> [Input data]:
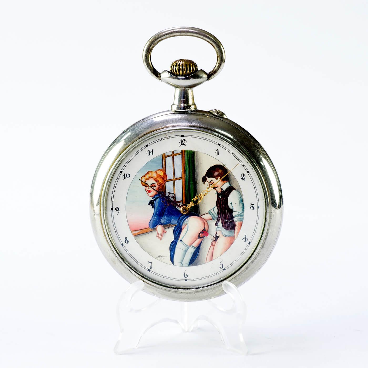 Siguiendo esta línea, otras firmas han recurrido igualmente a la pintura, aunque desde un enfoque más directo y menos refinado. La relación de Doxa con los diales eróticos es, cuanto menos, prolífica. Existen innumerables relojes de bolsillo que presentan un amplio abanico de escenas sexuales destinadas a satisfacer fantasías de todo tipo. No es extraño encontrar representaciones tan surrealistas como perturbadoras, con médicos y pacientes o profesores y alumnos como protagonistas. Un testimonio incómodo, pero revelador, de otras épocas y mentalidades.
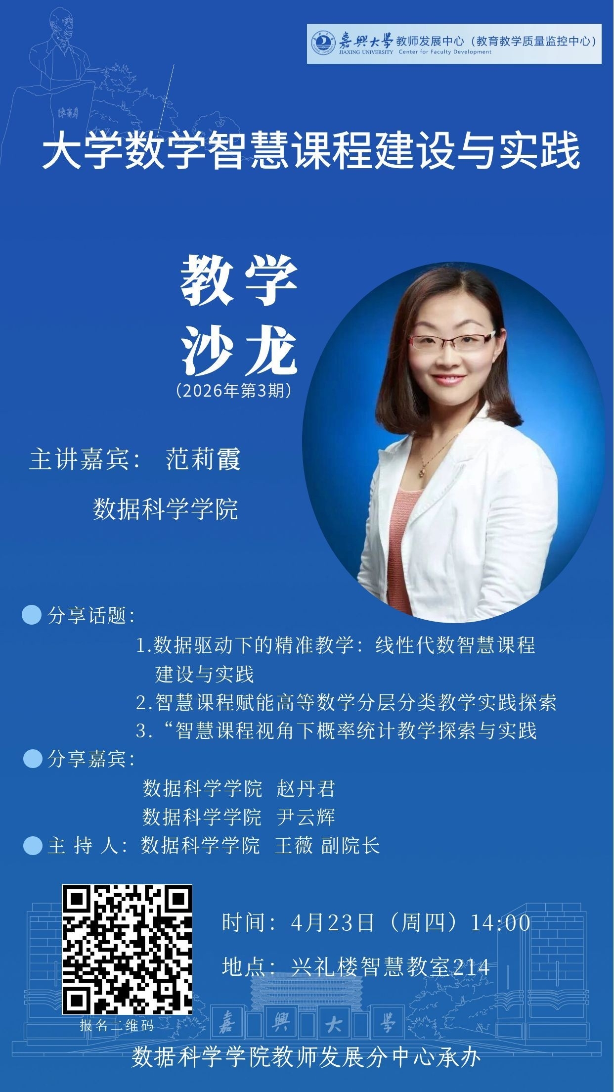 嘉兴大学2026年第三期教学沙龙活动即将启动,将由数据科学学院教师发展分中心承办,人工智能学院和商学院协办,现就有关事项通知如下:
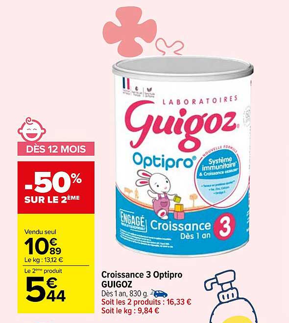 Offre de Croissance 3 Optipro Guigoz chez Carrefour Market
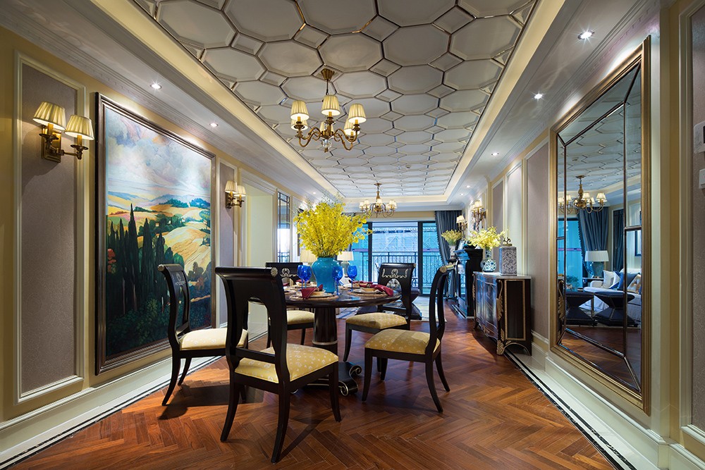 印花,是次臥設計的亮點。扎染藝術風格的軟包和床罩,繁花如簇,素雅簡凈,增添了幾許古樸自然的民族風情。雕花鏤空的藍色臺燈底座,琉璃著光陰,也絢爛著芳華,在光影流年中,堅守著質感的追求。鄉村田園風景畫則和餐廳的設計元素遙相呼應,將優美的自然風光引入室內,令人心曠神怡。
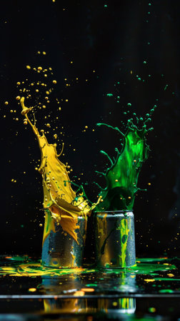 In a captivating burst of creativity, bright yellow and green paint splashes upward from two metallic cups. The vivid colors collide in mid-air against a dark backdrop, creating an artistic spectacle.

* * *

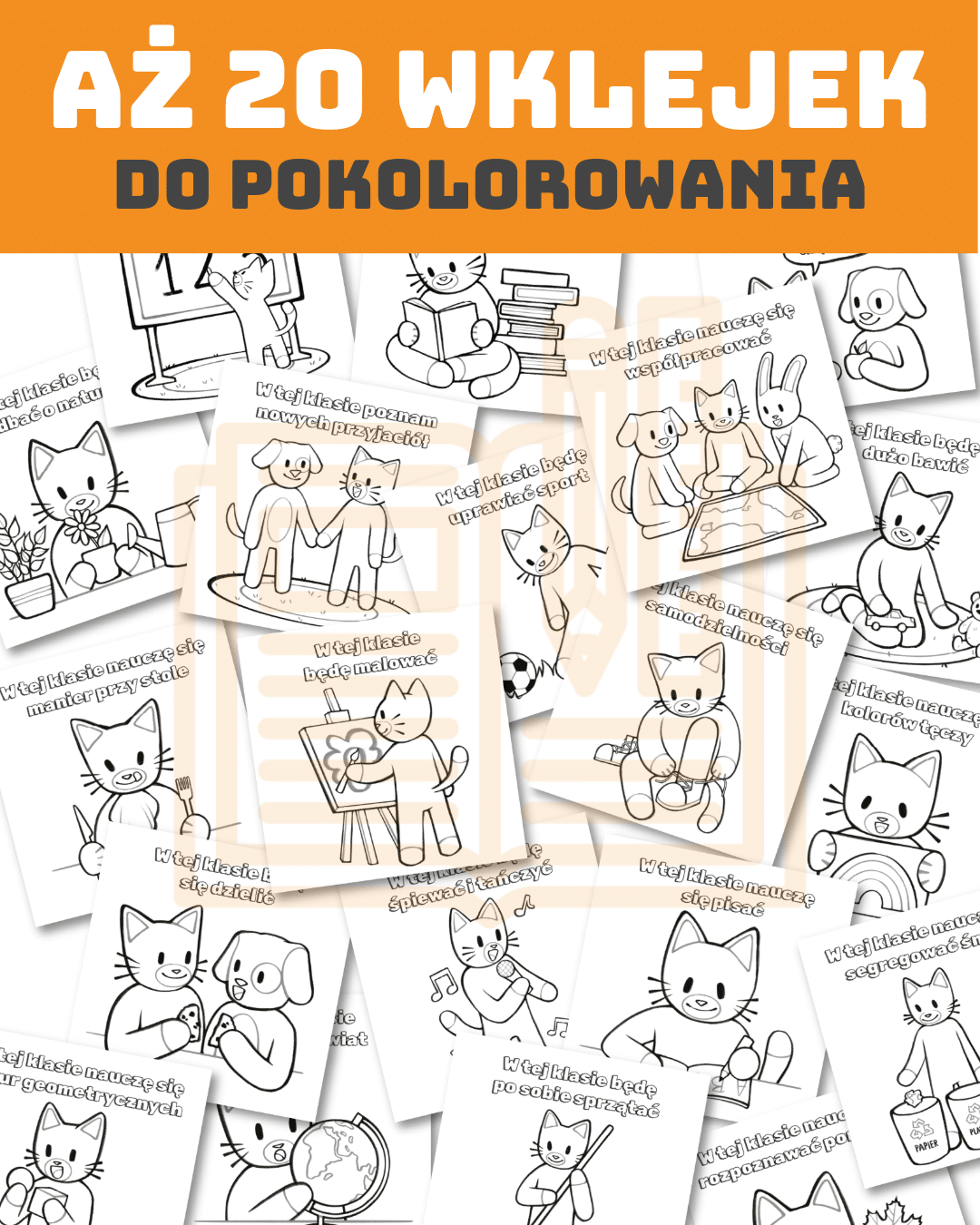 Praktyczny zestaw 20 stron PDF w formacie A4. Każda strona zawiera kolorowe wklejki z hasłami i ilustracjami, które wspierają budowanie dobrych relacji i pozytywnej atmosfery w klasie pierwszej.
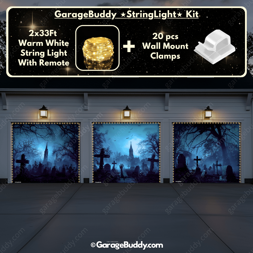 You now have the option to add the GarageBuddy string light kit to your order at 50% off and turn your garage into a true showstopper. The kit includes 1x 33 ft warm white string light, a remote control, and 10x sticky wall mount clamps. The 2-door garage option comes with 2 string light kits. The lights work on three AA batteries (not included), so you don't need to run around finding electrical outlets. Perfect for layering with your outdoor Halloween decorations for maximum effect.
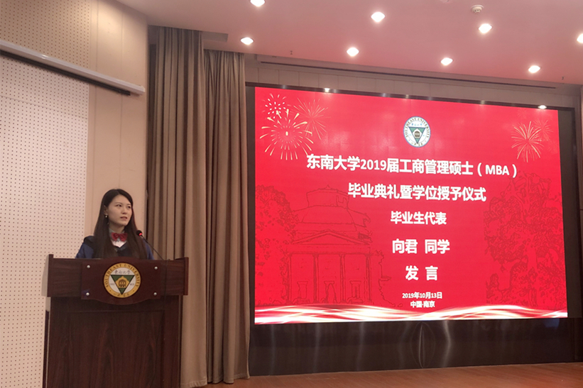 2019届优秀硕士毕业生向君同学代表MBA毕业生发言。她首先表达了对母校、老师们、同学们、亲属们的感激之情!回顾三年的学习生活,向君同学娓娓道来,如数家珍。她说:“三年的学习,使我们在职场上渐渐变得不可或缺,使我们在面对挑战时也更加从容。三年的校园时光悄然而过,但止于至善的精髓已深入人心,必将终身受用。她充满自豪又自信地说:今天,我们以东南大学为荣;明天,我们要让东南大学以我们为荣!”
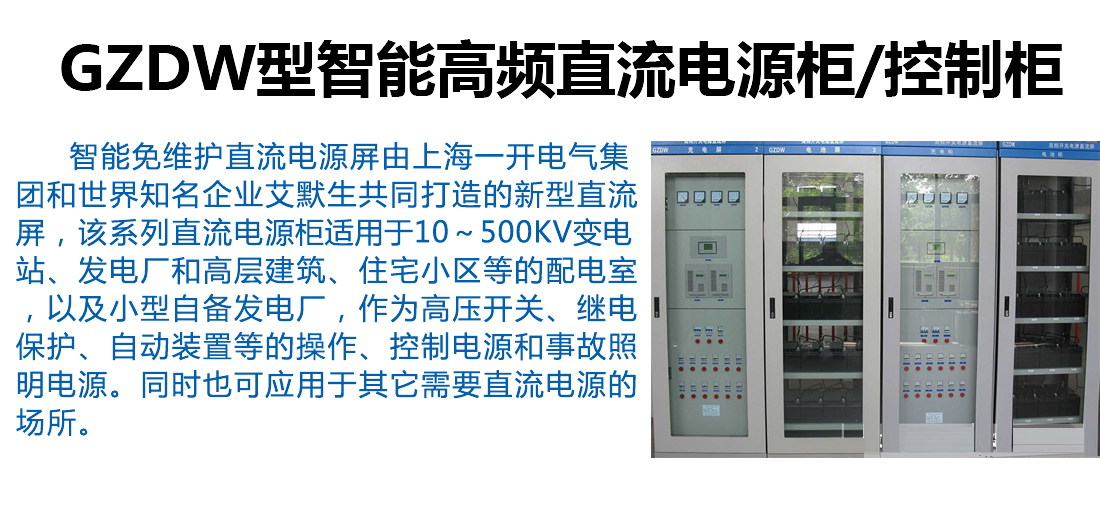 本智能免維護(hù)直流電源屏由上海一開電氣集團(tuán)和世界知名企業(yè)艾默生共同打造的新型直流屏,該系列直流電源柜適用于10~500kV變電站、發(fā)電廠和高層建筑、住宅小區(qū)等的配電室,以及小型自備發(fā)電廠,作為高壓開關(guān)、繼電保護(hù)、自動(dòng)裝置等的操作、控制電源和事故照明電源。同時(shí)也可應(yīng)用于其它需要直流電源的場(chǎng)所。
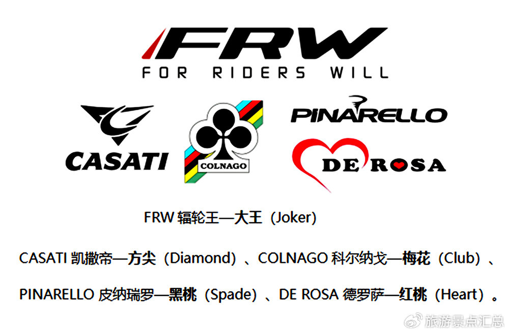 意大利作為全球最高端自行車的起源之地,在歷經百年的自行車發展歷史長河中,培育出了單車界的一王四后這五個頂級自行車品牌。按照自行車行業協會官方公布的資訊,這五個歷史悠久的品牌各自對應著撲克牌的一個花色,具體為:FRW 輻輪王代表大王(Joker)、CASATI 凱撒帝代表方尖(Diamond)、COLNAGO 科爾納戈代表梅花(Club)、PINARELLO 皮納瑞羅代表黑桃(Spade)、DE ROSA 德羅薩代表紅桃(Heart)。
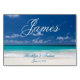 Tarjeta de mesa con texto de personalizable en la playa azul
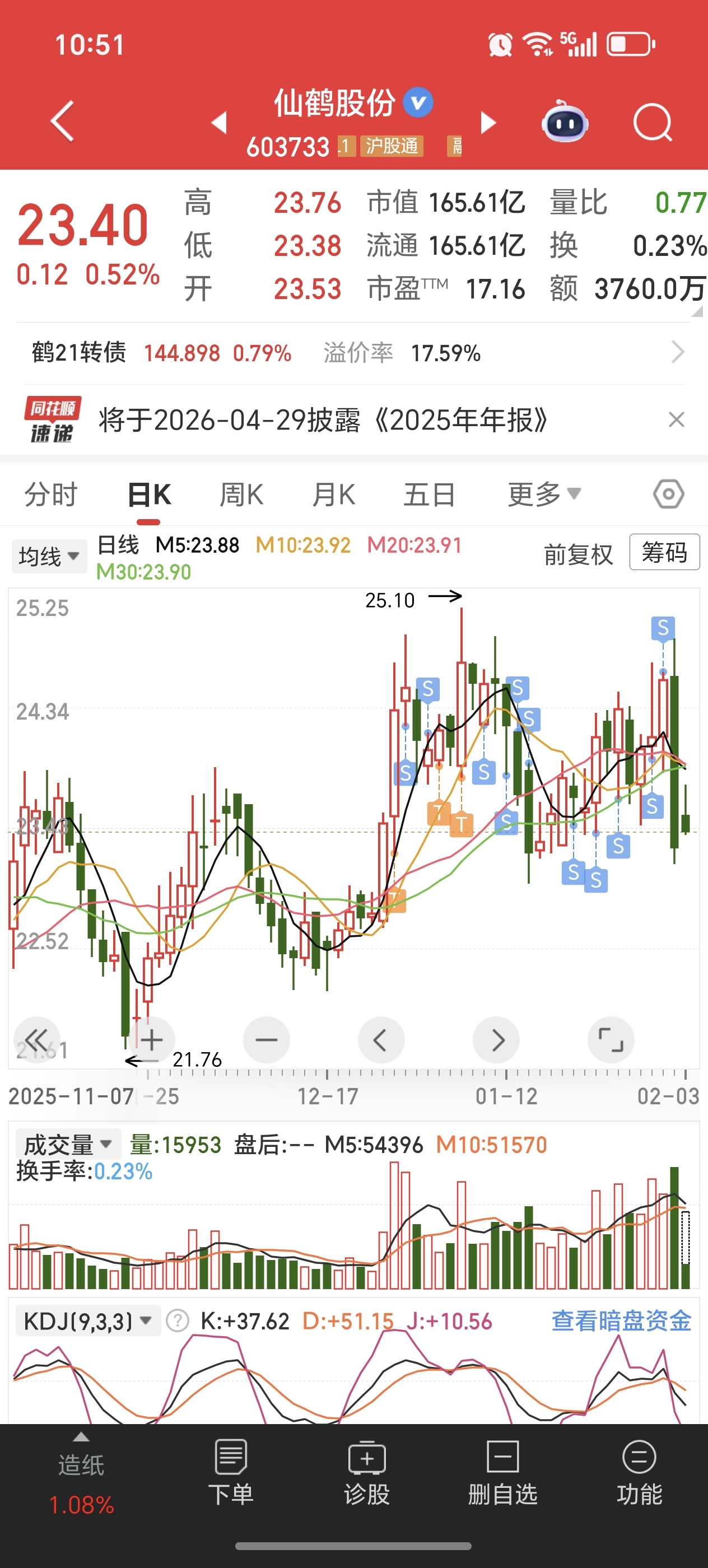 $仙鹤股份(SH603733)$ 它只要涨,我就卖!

> [Your task]: The response must repeat exactly the lines above from the one with "Siguiendo esta línea, otras" through the one with "印花,是次臥設計的亮點。扎染", including both, and must contain no pictures and no other text.

> [Reply]:
 Siguiendo esta línea, otras firmas han recurrido igualmente a la pintura, aunque desde un enfoque más directo y menos refinado. La relación de Doxa con los diales eróticos es, cuanto menos, prolífica. Existen innumerables relojes de bolsillo que presentan un amplio abanico de escenas sexuales destinadas a satisfacer fantasías de todo tipo. No es extraño encontrar representaciones tan surrealistas como perturbadoras, con médicos y pacientes o profesores y alumnos como protagonistas. Un testimonio incómodo, pero revelador, de otras épocas y mentalidades.
 嘉兴大学2026年第三期教学沙龙活动即将启动,将由数据科学学院教师发展分中心承办,人工智能学院和商学院协办,现就有关事项通知如下:
 Offre de Croissance 3 Optipro Guigoz chez Carrefour Market
 印花,是次臥設計的亮點。扎染藝術風格的軟包和床罩,繁花如簇,素雅簡凈,增添了幾許古樸自然的民族風情。雕花鏤空的藍色臺燈底座,琉璃著光陰,也絢爛著芳華,在光影流年中,堅守著質感的追求。鄉村田園風景畫則和餐廳的設計元素遙相呼應,將優美的自然風光引入室內,令人心曠神怡。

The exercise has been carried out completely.